Tujuannya adalah memasuki dunia batin individu untuk memahami perspektif dan
pengalamannya. Misalnya, bagaimana rasanya berpartisipasi dalam kelompok
agama (Williamson, Pollio, & Hood, 2008), bagaimana pengalaman belajar menjadi
seorang guru musik (Devries, 2000), makna usia bagi orang dewasa, muda, dan tua
(Adams-Price, Henley, & Hale, 1998).
Etnografi adalah bentuk penelitian kualitatif yang paling populer untuk
penelitian kualitatif dalam pendidikan yang memfokuskan pada penemuan dan
pendeskripsian budaya dari suatu kelompok manusia. Kata Etnografi berarti
“menulis tentang orang”. Ketika ahli etnografi melakukan penelitian, mereka
tertarik untuk menggambarkan budaya sekelmpok orang dan belajar bagaimana
rasanya menjadi anggota dari kelompok tersebut. Artinya, mereka tertarik untuk
mendikumentasikan hal hal seperti nilai, sikap, norma, pola interaksi, perspektif,
dan bahasa yang mereka gunakan. Mereka juga mungkin tertarik dengan produk
yang mereka hasilkan atau yang mereka gunakan seperti gaya pakaian, makanan
khas, dan model arsitektur bangunan. Ahli etnografi juga menggunakan deskripsi
holistik, yaitu menggambarkan bagaimana anggota suatu kelompok berineraksi
dengan kelompok lain secara keseluruhan. Contoh penelitiannya adalah tentang pria
dengan keterbelakangan mental yang tinggal di salah satu daerah (Croft, 1999),
anggota perkumpulan mahasiswa hitam dan putih (berkowitz & Pavadic, 1999).
3. Large small, untuk grounded teori
Grounded teori adalah pendekatan kualitatif untuk menghasilkan dan
mengembangkan teori dari data yang dikumpulkan. Teori adalah penjelasan tentang
bagaimana dan mengapa sesuatu beroperasi. Grounded teori adalah penelitian
dengan pendekatan induktif untuk menghasilkan teori atau penjelasan. Salah satu
contoh penelitiannya adalah “suatu analisis faktor-faktor yang menyumbang konflik
orang tua-sekolah dalam pendidikan khusus” oleh Lake dan Billingsley (2000).
Lake dan Billingsley ingin menjelaskan mengapa konflik terjadi antara orang tua
anak-anak dengan pejabat sekolah dalam prgram pendidikan khusus. Lake dan
Billingsley melakukan wawancara yang mendalam berlangsung rata-rata satu jam
dengan orang tua siswa, kepala sekolah, direktur program pendidikan, dan mediator.

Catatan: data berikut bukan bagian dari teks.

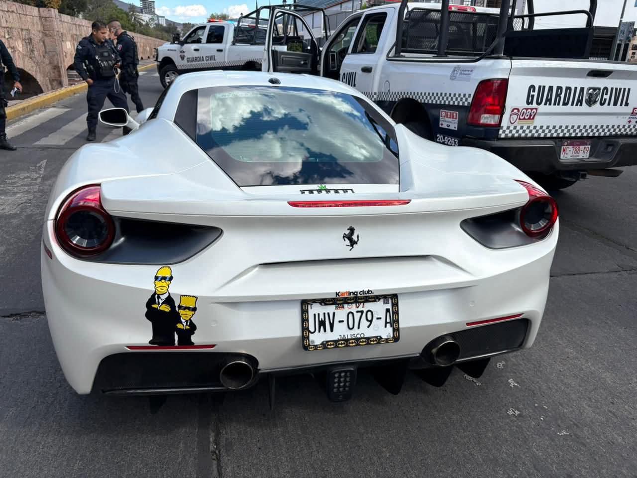 El pasado domingo fue asegurado un Ferrari 488 GTB que circulaba a exceso de velocidad en la avenida Acueducto, donde durante la revisión se les encontró un arma de fuego calibre 9 mm, motivo por el cual fue detenida la pareja que circulaba al interior.
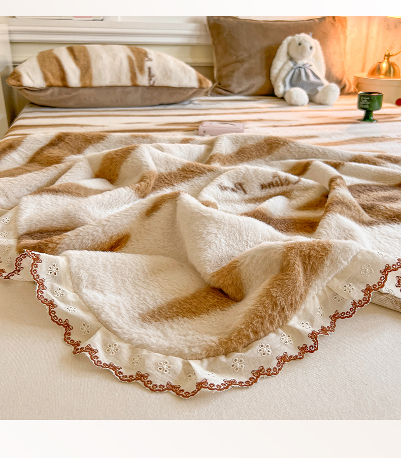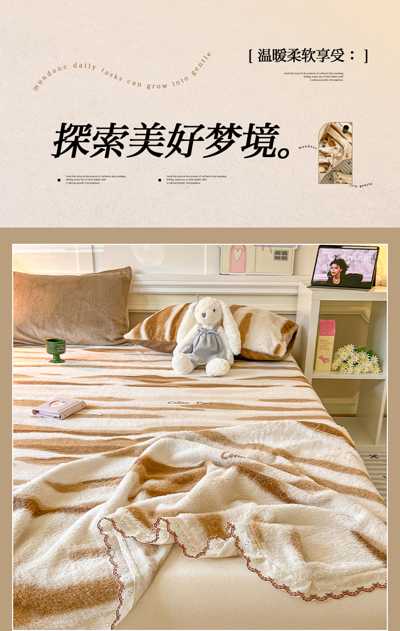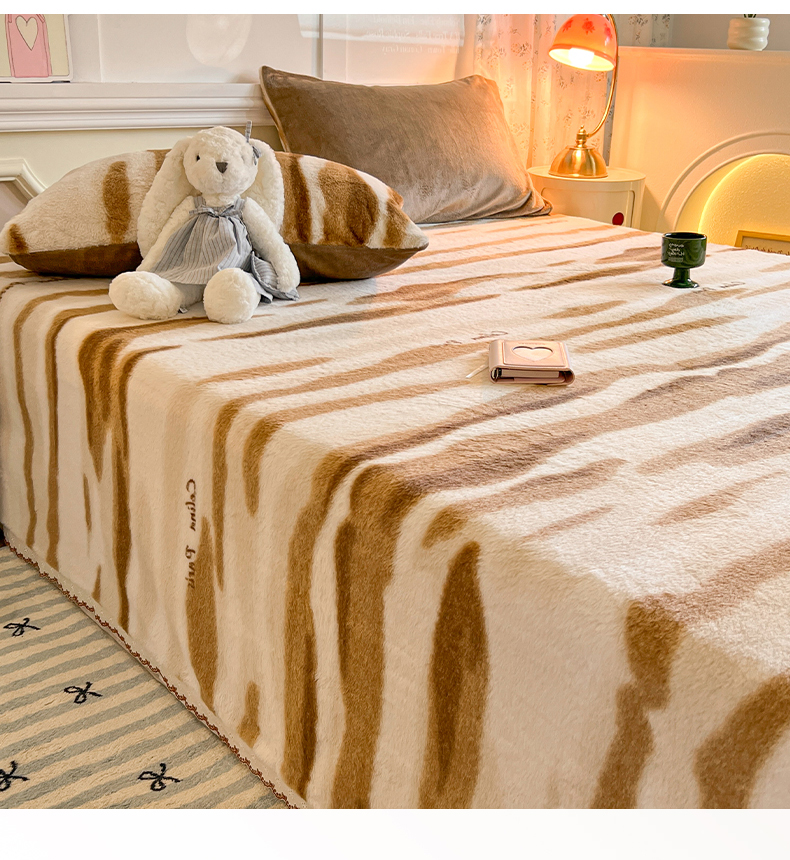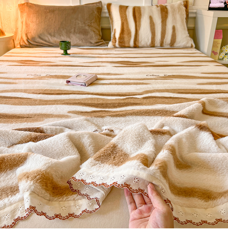 妖妖家纺 2025新款高克重兔毛花边印花单床单 床单单件 木星纹

Mereka mengidentifikasi beberapa faktor sebagai penyebab konflik antara orang tua
dan sekolah. Faktor uama adalah perbedaan pandangan tentang kebutuhan anak.

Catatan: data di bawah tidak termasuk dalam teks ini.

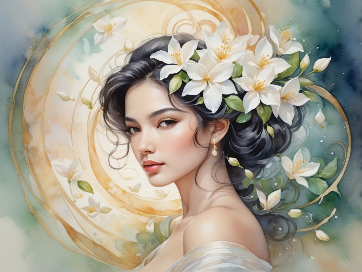 A serene portrait of a young woman adorned with white flowers in her dark, flowing hair. Soft, ethereal colors and floral elements create a dreamy background, exuding beauty and tranquility.
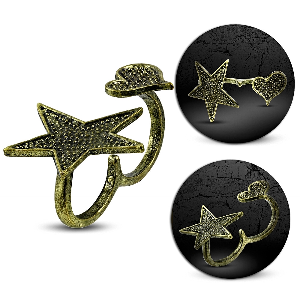 (4.8cm Wide) Fashion Love Heart Star Stretchable Two Finger Double Knuckle Ring - FRA184
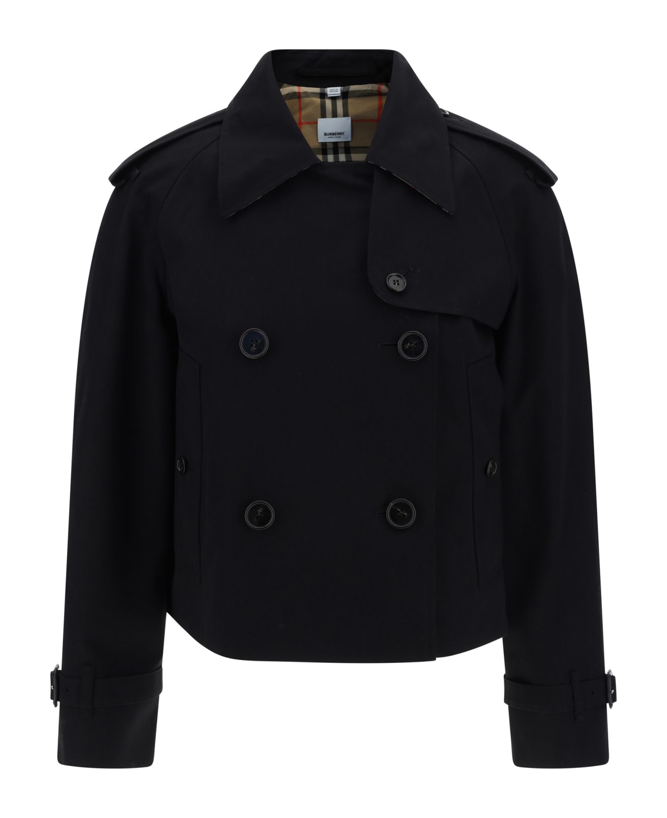 Cotton haltye trench jacket by burberry, cotton gabardine design, an iconic all-over repeated check archivio pattern on the inside, a double-breasted button fastening, a hook-and-eye collar, a windproof flap, two side slit pockets, adjustable buckle cuffs and a regular fit.
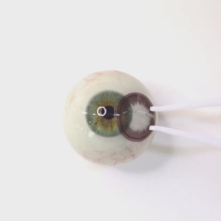 ベースカラーは深みのあるブラウン。フチに向かうほど濃いトーンを採用し、瞳の輪郭をくっきりと際立たせます。中心へ向かうにつれて色が徐々に淡くなり、透明部分と自然に馴染むよう設計されています。
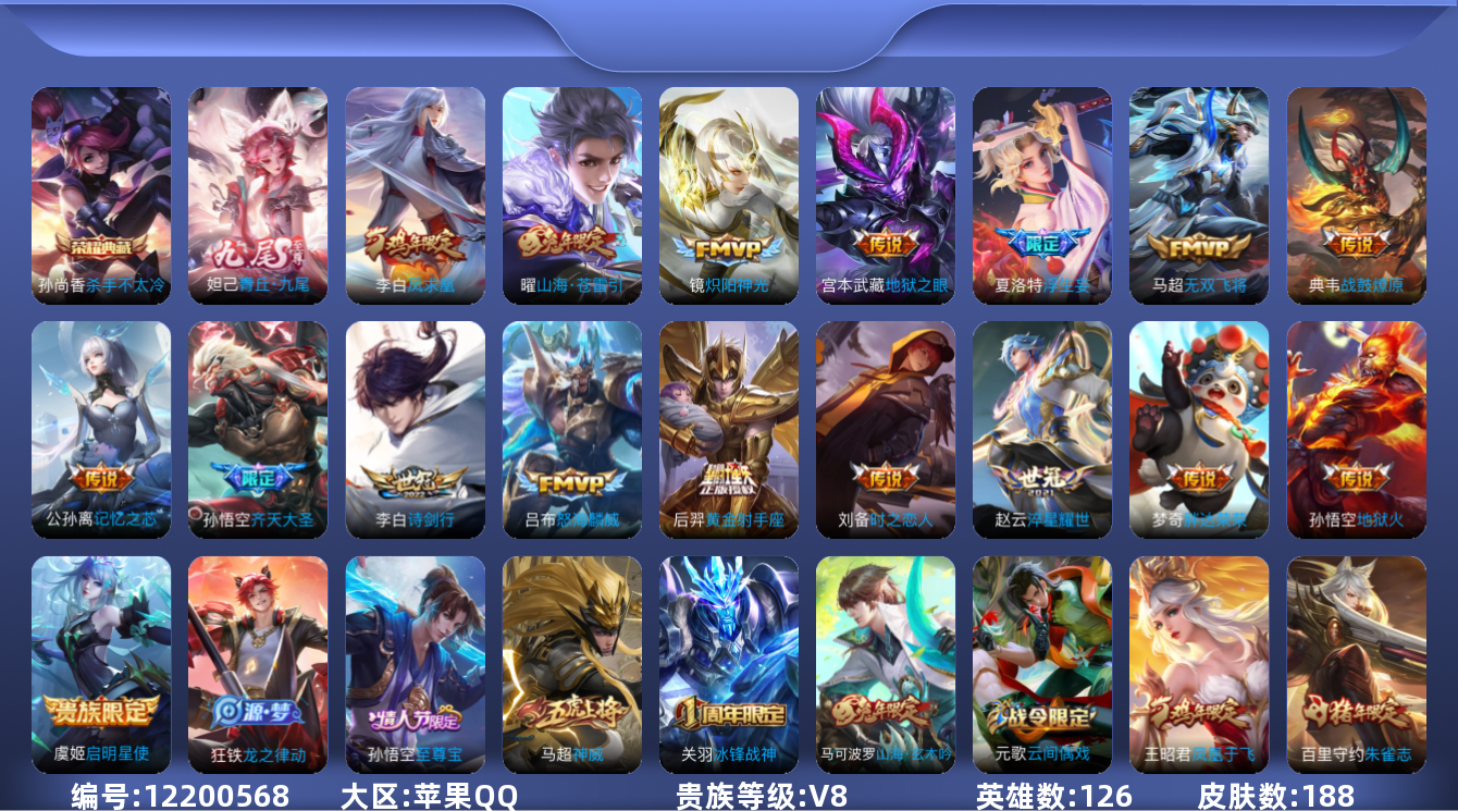 [12200568]V8 1典藏 1无双 17传说 126英雄 188皮肤 可修改实名 优质装备:杀手不太冷,青丘·九尾(妲己无双),黄金射手座,炽阳神光,地狱火,地狱之眼,胖达荣荣,时之恋人-刘备(电焊工),淬星耀世,无双飞将,山海·苍雷引(电光曜子),浮生妄,记忆之芯(机甲兔),青丘·九尾 传说皮:典韦战鼓燎原 限定皮:陌上桑,至尊宝,凤求凰(白切鸡),凤凰于飞,神威(电光马子),飞衡(韩信年限),诗剑行,齐天大圣,怒海麟威,五谷丰年,冰锋战神,朱雀志(守约年限),纯白花嫁,山海·玄木吟(马可年限) 史诗皮:龙之律动,紫霞仙子,苍穹之光,电玩小子(小书包),白蛇,高渐离燃音魔法,电玩·爆裂旋风,偶像歌手,龙骑士(小龙虾),暗夜猫娘,末日机甲-吕布,乱世虎臣,女仆咖啡,摇滚巨星,水果甜心,天才门将,心灵骇客,鬼剑武藏,心灵战警,乐园奇幻夜,缤纷独角兽,乘风破浪,逐浪之夏,水晶猎龙者,曙光守护者,金属风暴,原初追逐者,圣诞狂欢,圣诞恋歌,鹰眼统帅,魅力维加斯,赏金猎手,无心,未来纪元-赵云
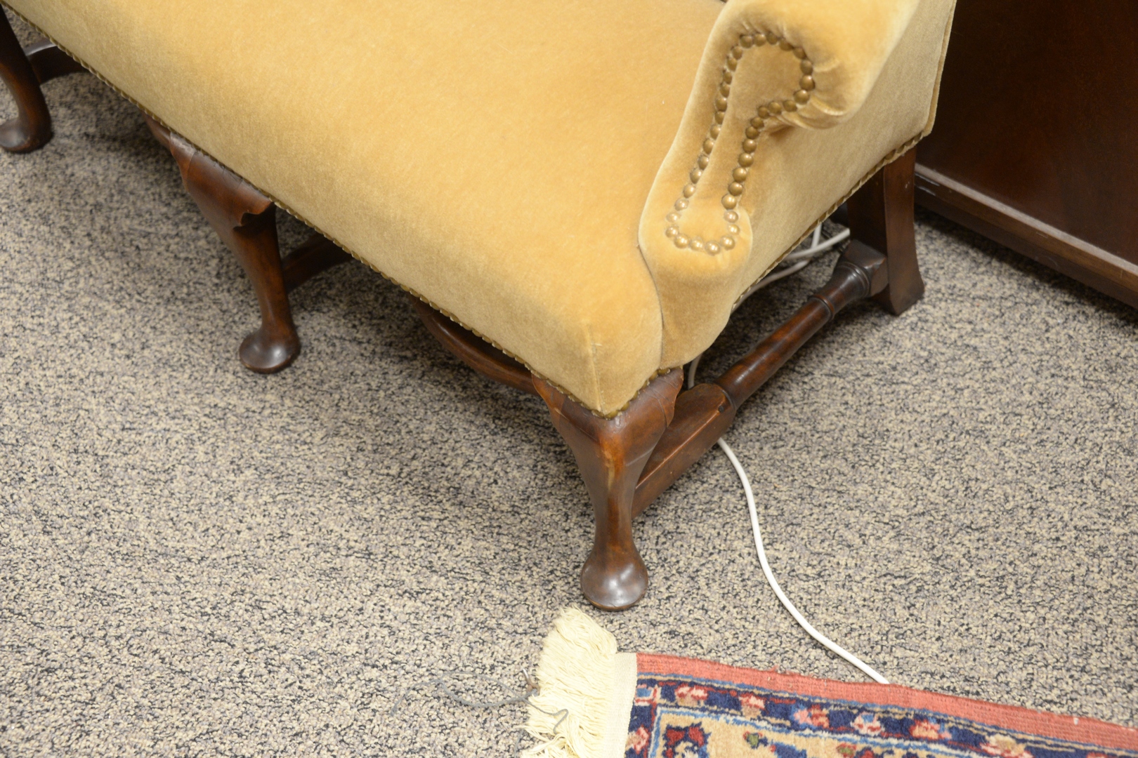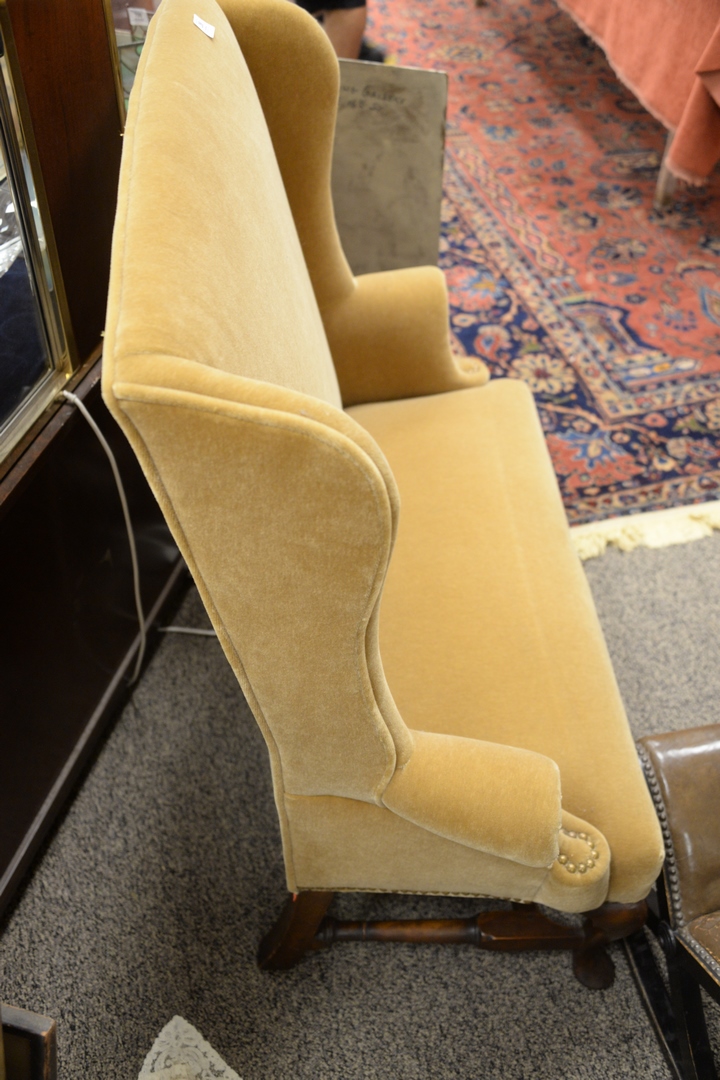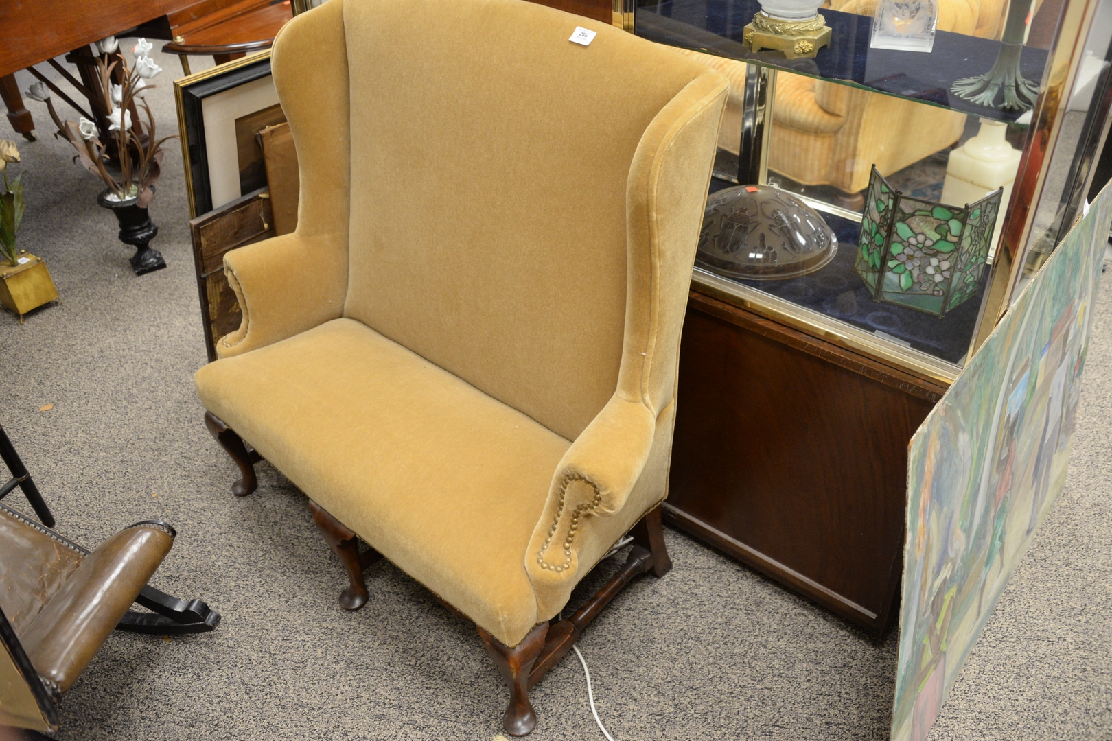 Lot 286: Queen Anne Style Child’s Size Upholstered Settee, on cabriole legs, height 39 inches, seat height 16 inches, width 36 inches.

Sedangkan faktor lainnya adalah kurangnya pengetahuan dalam penyelesaian
masalah, ketidak sepakatan dalam pemberian pelayanan, adanya kendala seperti
kurangnya dana untuk memberikan pelyanan, perbedaan dalam menilai anak,
penggunaan kekuatan secara sepihak, komunikasi yang buruk, dan kurangnya
kepercayaan. Selain membahas penyebab konflik, penuls juga membahas
bagaimana mencegah dan mengatasi konflik. Untuk memperkuat penjelasan
mereka, peneliti perlu mengembangkan teori mereka leih lanju dan mengujinya
dengan data empiris baru yang akan meghasilkan pendekatan penelitian campuran.